# Work task:
Of the lines in the material below, print only those from the one containing "The remaining cars" to the one containing "Black Satin Double", ends included, exactly as written and without pictures.

# Exercise input:
────────────────────

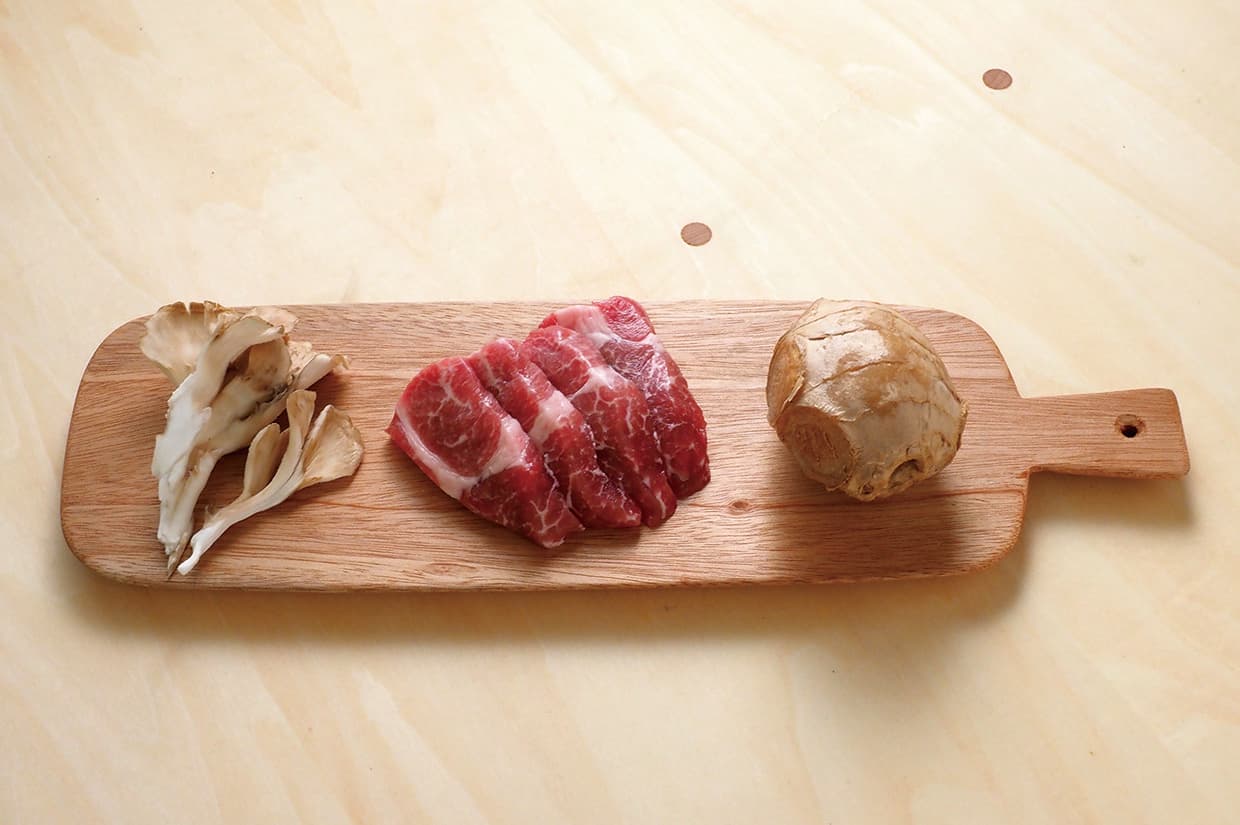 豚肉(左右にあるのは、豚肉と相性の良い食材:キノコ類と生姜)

────────────────────

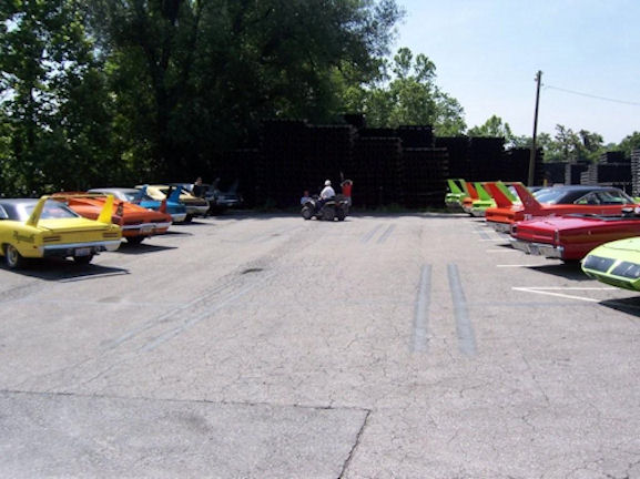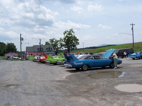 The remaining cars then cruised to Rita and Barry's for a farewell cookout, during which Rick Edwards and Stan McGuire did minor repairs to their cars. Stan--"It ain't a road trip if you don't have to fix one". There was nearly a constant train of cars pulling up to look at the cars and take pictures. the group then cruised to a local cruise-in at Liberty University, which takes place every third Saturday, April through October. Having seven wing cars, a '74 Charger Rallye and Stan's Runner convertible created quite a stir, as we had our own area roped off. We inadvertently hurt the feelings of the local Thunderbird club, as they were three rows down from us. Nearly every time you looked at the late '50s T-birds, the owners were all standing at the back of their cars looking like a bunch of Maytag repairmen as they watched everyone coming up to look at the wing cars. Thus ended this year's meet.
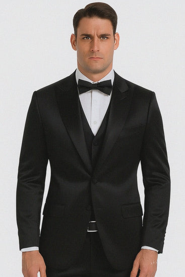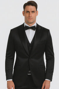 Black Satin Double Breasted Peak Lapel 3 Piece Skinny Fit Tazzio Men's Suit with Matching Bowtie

────────────────────

# Answer box:
 The remaining cars then cruised to Rita and Barry's for a farewell cookout, during which Rick Edwards and Stan McGuire did minor repairs to their cars. Stan--"It ain't a road trip if you don't have to fix one". There was nearly a constant train of cars pulling up to look at the cars and take pictures. the group then cruised to a local cruise-in at Liberty University, which takes place every third Saturday, April through October. Having seven wing cars, a '74 Charger Rallye and Stan's Runner convertible created quite a stir, as we had our own area roped off. We inadvertently hurt the feelings of the local Thunderbird club, as they were three rows down from us. Nearly every time you looked at the late '50s T-birds, the owners were all standing at the back of their cars looking like a bunch of Maytag repairmen as they watched everyone coming up to look at the wing cars. Thus ended this year's meet.
 Black Satin Double Breasted Peak Lapel 3 Piece Skinny Fit Tazzio Men's Suit with Matching Bowtie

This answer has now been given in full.